Jill Dawsey, curator at the MCASD, said the piece Gomez Franco describes is one of López's significant works, a sort of performance piece from 1978 called "Tableau Vivant."
"It's a series of photographs that document López's performance, in which it's sort of conceptual art meets improv comedy meets political revolution. She's wearing her UCSD track shorts, and she has a handful of paintbrushes, which are the tools of her trade. And she's clasping them like a bouquet. Or she's holding them up in the air like a trophy. And you really have this sense of contagious exuberance that defines many of her works," Dawsey said.
A transformative period
The exhibition focuses primarily on López's work made during the 1970s and 1980s, when López returned to San Diego. The exhibition focuses on this time at UC San Diego through her return to the Bay Area in the late 1980s, and it's when López produces some of her more celebrated and notable works, like her Guadalupe series.
"It's this period in which she — through her embrace of Chicana feminism — produces this feminist corpus of work that investigates and reimagines representations of women within iconic culture and society at large," Dawsey said.
Dawsey added that in the 1960s, López was part of the Third World Liberation Front and involved with the Los Siete de la Raza movement in the Bay Area.

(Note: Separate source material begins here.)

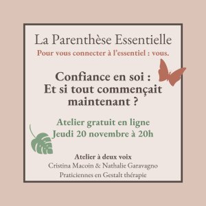 2025-11-20 20:00:002025-11-20 21:30:00Europe/ParisLa Parenthèse Essentielle - Confiance en soi : et si tout commençait maintenant ?Reservations on : https://www.billetweb.fr/la-parenthese-essentielle-confiance-en-soi-et-si-tout-commencait-maintenant
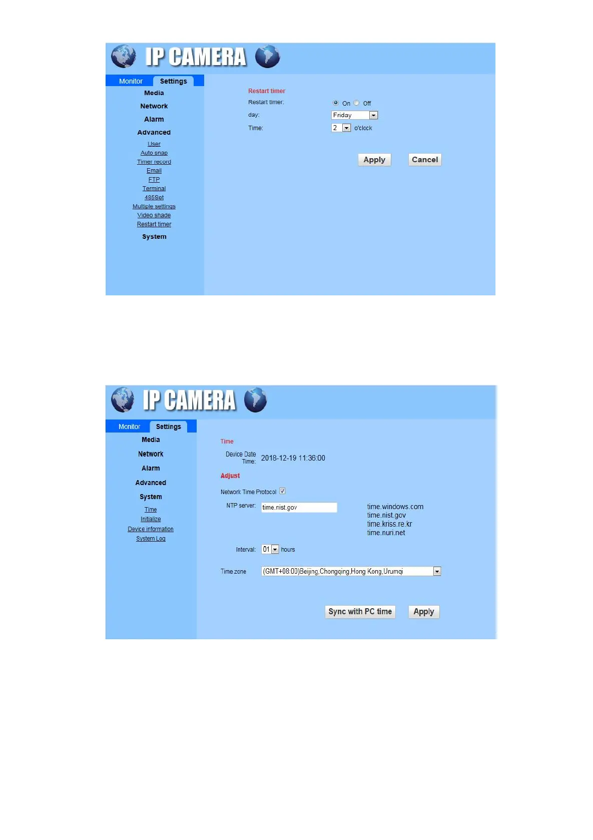 Time: Select the NTP server to synchronize the camera with the internet network time, click to “Sync with

López returned to San Diego first to get her bachelors at San Diego State, then in 1975, she enrolled in the visual arts program at UC San Diego.
"When she returns to San Diego in the early '70s, she really is an extraordinarily accomplished artist and activist," Dawsey said."The work that she did in the 1970s completely informed everything she did after."
Also on view is the iconic "Portrait of the Artist as the Virgin of Guadalupe (1978)" work and her "Getting Through College" series — self-portraits of running through the eucalyptus-studded hills of UC San Diego with bold buildings depicting the institutions of the education system.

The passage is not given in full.